Another important difference is the use of repeated measures. In a two-way analysis of variance, at least one of the groups received the treatment more than once. In a randomized block design, each group receives the treatment only one time. Your research questions determine if any group needs to experience the treatment more than once.

Below are the assumptions

• Sample randomly selected

• Populations have homogeneous standard deviations

• Population distributions are normal

• Population covariances are equal.

Here are the steps

1. Set up hypotheses (there will be three of them)

a.Treatment means (AKA factor A)

i. H0: There is no difference in the treatment means

ii. H1: H0 is false

b. Block means (AKA factor B)

i. H0: There is no difference in the block means

ii. H1: is false

c. Interaction between Factor A and B

i. H0: There is no interacting effect between factor A & B

ii. H1: There is an interacting effect between factor A & B

2. Determine your level of statistical significance

3. Determine F critical (there will be three now and the computer does this)
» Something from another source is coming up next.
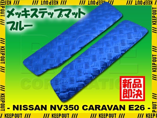 > アルミ調 ステップマット 日産 NV350 キャラバン E26 ブルー メッキ 車 ゴムマット ステップボード 交換 カスタム パーツ 内装 カー用品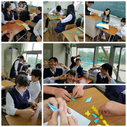 修学旅行の広島平和記念公園に奉納する折鶴の制作は計3時間かけて全員で取り組みました。最初はなかなかきれいに折れない生徒も多かったのですが、時間を追うごとにきれいに制作できていいました。平和の祈りを込めていい時間でした。

4. Calculate the F-test values (there will be three now and the computer does this)

5. Test hypotheses

6. State conclusion

Here is an example

A music teacher wants to study the effect of instrument type and service center on the repair time measured in minutes. Four instruments (sax, trumpet, clarinet, flute) were picked for the analysis. Each service center was assigned to perform the particular repair on two instruments in each category

Instrument

Service centers Sax Trumpet Clarinet Flute

1 60 50 58 60

70 56 62 64

2 50 53 48 54

54 57 64 46

3 62 54 46 51

64 66 52 49

Here are your research questions

• Is there a difference in the means of the repair time between service centers?

• Is there a difference in the means of the repair time between instrument type?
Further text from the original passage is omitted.